Mulholland Drive | All roads lead to the movies
A car crash on Mulholland Drive fortuitously saves a young lady from assassination, but leaves her with no memory of who she is. While wandering in the Hollywood Hills, the woman (now calling herself Rita) meets Betty, an aspiring actress who offers to help her recover her identity. Among various bizarre vignettes, including a somewhat cursed director, some truths will come out. But their trip through the city of dreams will turn into a waking nightmare.
A dream within a dream
One does not simply explain Mulholland Drive. Lynch diverts a linear detective story with his surrealist approach. Then, he shapes it into a Mobius’-Strip-like structurethrough narrative reprises. Curiously though, confusion comes from what seems to make sense. It’s those reprises that frustrate the viewer by insinuating that there is indeed an explanation to strive for.
The film fits into a trend that began in the mid-1990s, the so-called “mindfuck movie”, but with a crucial difference. Many notable works of such trend, like those by Christopher Nolan and Charlie Kaufman, are narrative mazes to solve. Mulholland Drive is a maze within which to get lost. Its deranging attitude prompts the viewer to give up logic and enjoy the dreamlike ride.
Most interpretations concur, anyway, that some parts of the plot (at least) must be the dreams of some character. But after all, whether the events unfolding on-screen are real or imaginary makes no difference. The viewer responds to them nonetheless, for they are all part of that broader dream which is the moviegoing experience.
“We are such stuff, as dreams are made on”
The woman in Hollywood cinema is not necessarily only the object of the gaze, but also the object of inquiry.Laura Mulvey, Cinema, Gender and the Topography of Enigmas
To drag the viewer into the depths of the psyche, Mulholland Drive deconstructs the noir genre and twists its separate components: mystery, horror, humor, and, most importantly, romance. By having a pair of women investigating the identity of one of the two, the genre tropes of detective, femme fatale, and fair lady soon overlap. Inquiry and attraction blend the women as in Ingmar Bergman’s Persona, split them into doppelgängers as in Luis Buñuel’s That Obscure Object of Desire, and ultimately reconstruct their character as in Alfred Hitchcock’s Vertigo.

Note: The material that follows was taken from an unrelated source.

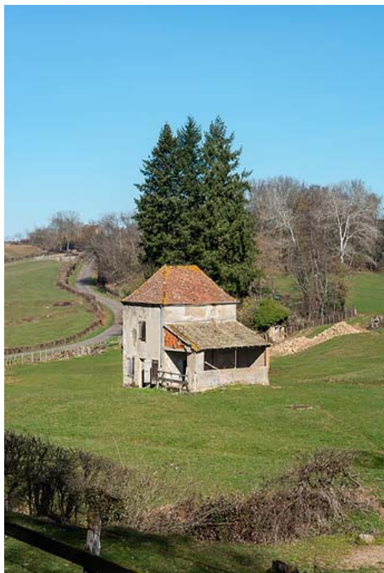
Vue générale du site, prise depuis la route (vue de l'arrière du pavillon de la source).

71, Saint-Christophe-en-Brionnais route départementale n°174, lieudit : Les Bains

Desire becomes just as important as memory in the setting of identity. And hopes and dreams are often mimetic. As critic Stephen Holden claimed, Mulholland Drive is a “reflection on the allure of Hollywood and on the multiple role-playing and self-invention that the moviegoing experience promises”. In the end, all roads lead to the movies.
What dreams may come to Hollywood
Mulholland Drive exposes the two faces of Hollywood, the star system in particular, by telling a story of frustrated ambitions. As critic Chris Rodley noted (in the interview book Lynch on Lynch), Los Angeles is a city full of doppelgängers, meaning that many starlets bear two names: the birth one and stage one of the stars they want to become.
Some dreams do come true. But as others break with radical consequences, the film suggests that in reality, people can be makers of their fortune only in their fantasies. The American Dream turns into a nightmare in its very birth and capital city. But there is a flipside to such pessimism too.
Mulholland Drive expressly follows the trail of Billy Wilder’s Sunset Boulevard, another film of frustrated dreams. But as scholar David Roche observed, both movies are “not just about the Hollywood movie industry, but even more about the magic of cinema as a form of art”.
The movie is the ultimate doppelgänger. It is both a fierce, and somewhat autobiographical, commentary on the society of the spectacle and a labor of love for cinema. A troubled love for sure, but also totalizing.